Griechenland rechnet heuer mit Corona-Impfstoff

700.000 Dosen Ende des Jahres

Spritze, Injektion, Pharma, Impfung, Medizin, SB APA/BARBARA GINDL
Der Impfstoff soll Ende des Jahres geliefert werden. (SYMBOLBILD)

Griechenland rechnet nach eigenen Angaben für das Jahresende mit der ersten Lieferung eines Corona-Impfstoffs. "Wenn alles gut geht, wird Griechenland seinen vereinbarten Anteil in sieben Lieferungen erhalten", sagte Gesundheitsminister Vassilis Kikilias am Dienstag dem Sender Skai TV.

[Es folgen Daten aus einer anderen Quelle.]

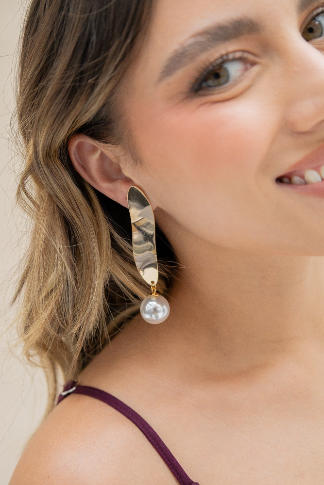 - Aretes elaborados en Acero con baño de oro de 24k y perla.

Bis Juni kommenden Jahres werde es dann jedes Monat eine weitere Lieferung des Pharmakonzerns AstraZeneca geben. "Wir werden mit 700.000 Dosen im Dezember beginnen." AstraZeneca arbeitet gemeinsam mit der britischen Universität Oxford an dem Corona-Impfstoff und will diesen nach eigenen Angaben zum Selbstkostenpreis abgeben. Das Präparat erwies sich nach Unternehmensangaben in den ersten beiden Testreihen als für die Probanden gut verträglich und habe für die Bildung von Antikörpern sowie für eine Immunisierung gegen die Lungenkrankheit Covid-19 gesorgt.

Die Ergebnisse einer dritten Testphase werden für den Herbst erwartet. Ist diese erfolgreich, soll der Impfstoff danach massenweise produziert und verabreicht werden.

EU will 300 Mio. Impfdosen erwerben

Die Europäische Kommission hatte am Freitag verkündet, dass es eine erste Übereinkunft mit AstraZeneca gebe, "einen potenziellen Impfstoff gegen Covid-19 zu erwerben". EU-Länder mit niedrigem oder mittlerem Einkommen sollen ihn gratis erhalten. Wenn sich der Impfstoff als "sicher und wirksam" erwiesen habe, werde die EU 300 Millionen Impfdosen erwerben mit einer Option auf den Kauf von hundert Millionen weiterer Dosen durch die EU-Mitgliedstaaten.

Griechenland mit niedriger Sterberate

Griechenland hat die Corona-Pandemie bisher relativ gut überstanden, seine Infektions- und Sterberaten sind im Vergleich zu anderen EU-Ländern gering. Allerdings sind die Infektionszahlen in dem Urlaubsland in diesem Monat stark in die Höhe geschnellt. Die Behörden führen die Entwicklung auf die zunehmende Missachtung von Abstandsregeln in Lokalen und anderen öffentlichen Orten zurück. Die Zivilschutzbehörde verhängte als Reaktion nächtliche Ausgangssperren in einigen Regionen, darunter einige der meistbesuchten Urlaubsgebiete.

Der griechische Regierungschef Kyriakos Mitsotakis drohte, wenn die Ausbreitung des neuartigen Coronavirus nicht eingedämmt werde, werde seine Regierung "drastischere Maßnahmen" ergreifen, "die zweifellos wirtschaftliche Auswirkungen" hätten.